Doch selbst, wenn ich wollte – mehr zahlen, als sie tatsächlich erwirtschaften, könnte ich aus wirtschaftlichen Gründen nicht lange. Kein Mensch kann Löhne und Gehälter zahlen, die das Unternehmen zuvor nicht verdient hat – jedenfalls nicht auf Dauer. Wenn kein Wasser zufließt, sprudelt eine Quelle bald nicht mehr.
Wenn Sie meinen, Ihr Arbeitgeber sollte Ihnen mehr zahlen, als Sie zurzeit verdienen, gibt es nur eine gerechte Grundlage, auf der Sie das fordern können: Indem Sie zunächst Ihre Arbeitsweise ändern und Ihrem Arbeitgeber dadurch mehr Ertrag bringen.
Nehmen wir an, Sie sind Buchhalter und wissen nicht, wie Sie quantitativ oder qualitativ bessere Leistungen erbringen können.
Sie machen ohnehin schon Überstunden und geben Ihr Bestes. Was können Sie tun, um Ihren Anspruch auf eine Gehaltserhöhung zu rechtfertigen?
Es gibt viele Antworten auf diese Frage, doch Sie sollten sich für eine Möglichkeit entscheiden, um sich nicht zu verzetteln. Legen Sie sich daher unbedingt auf eine
Vorgehensweise fest.
Sie sind Buchhalter. Sie erstellen Monatsabrechnungen und geben sie heraus. Könnten Sie nicht ein Inkassosystem einrichten und so dafür sorgen, dass Beträge bei Fälligkeit unverzüglich in Zahlungsströme umgewandelt werden? Sollte Ihnen das gelingen, dürfte Sie Ihr Arbeitgeber vermutlich entsprechend honorieren.
Sie können auch Ihren Aufgabenbereich ausweiten, indem Sie freiwillig andere Tätigkeiten übernehmen, die über die reine Buchhaltung hinausgehen – allerdings ohne dabei Ihre Effizienz in der Buchhaltung zu beeinträchtigen. Erstellen Sie zum Beispiel eine Serie von Mahnschreiben, die Ihren Arbeitgeber in ein positives Licht rücken und dennoch dazu beitragen, fällige Beträge einzutreiben.
Das kann praktisch jeder, wenn er eigens damit beauftragt und entsprechend unterwiesen wird. Doch der Mann, der Ihr Gehalt zahlt, wünscht sich Mitarbeiter, die von selbst sehen, was zu tun ist, und zupacken – ohne dass man es ihnen sagen muss.
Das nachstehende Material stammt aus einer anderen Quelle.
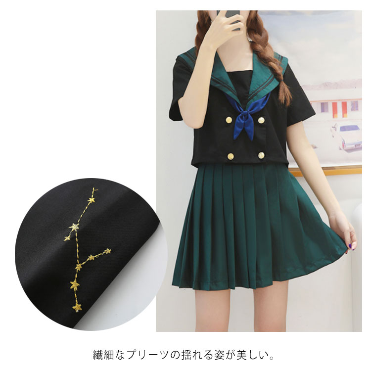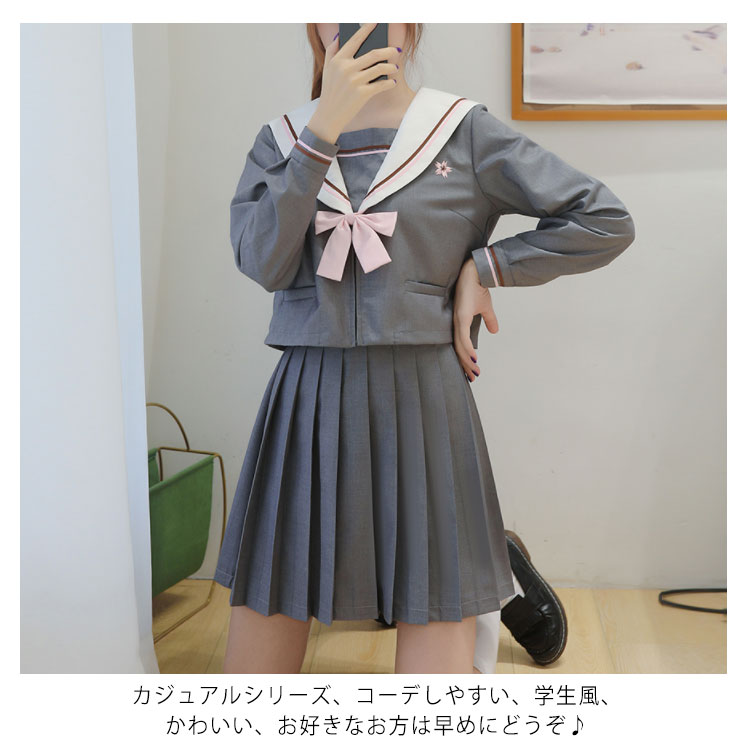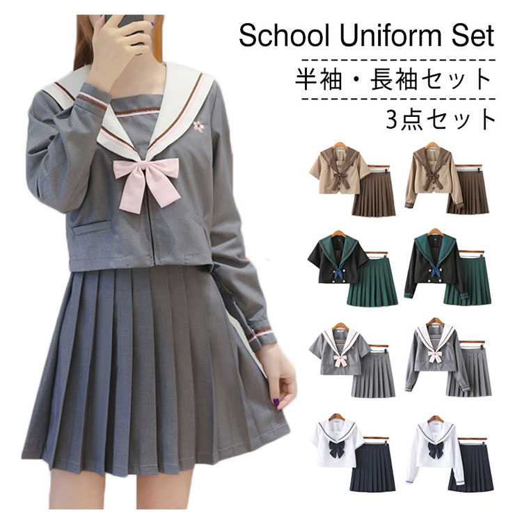 セーラー風 学生服 制服セット 女子高校生 セーラー襟 学生服 制服 高校生制服 コスプレ JK制服 制服 半袖 長袖 上下セット 3点セット 学生服 女子高生 学生服 セーラー服 制服 コスプレ コスチューム 衣装 仮装 文化祭 可愛い 送料無料

Das Gesetz von Angebot und Nachfrage legt ein bestimmtes allgemeines Durchschnittsgehalt fest, das ein Buchhalter normalerweise verlangen kann. Um mehr zu verdienen, muss er mehr Leistung bringen als der »normale« Buchhalter. Kurz, er muss sich von der »Norm« abheben, wenn er sich nicht mit dem »normalen« Verdienst zufriedengeben möchte.
Mehr und bessere Leistungen zu erbringen, als honoriert wird,
hat nichts mit sentimentalen Beweggründen zu tun. Es ist schlicht und ergreifend eine solide geschäftliche Praxis. Dabei gilt natürlich:
Wer seiner Arbeit gut gelaunt und mit Begeisterung nachgeht, fällt eher positiv auf.
Sie kommen wahrscheinlich eher groß heraus, wenn Sie sich nicht nur angewöhnen, mehr und bessere Leistungen zu erbringen, als die, für die Sie bezahlt werden,
sondern auch ein sympathisches, ansprechendes Wesen zeigen. Ein solches Auftreten kann in Dienstleistungsunternehmen sogar eine notwendige Voraussetzung für den Erfolg sein.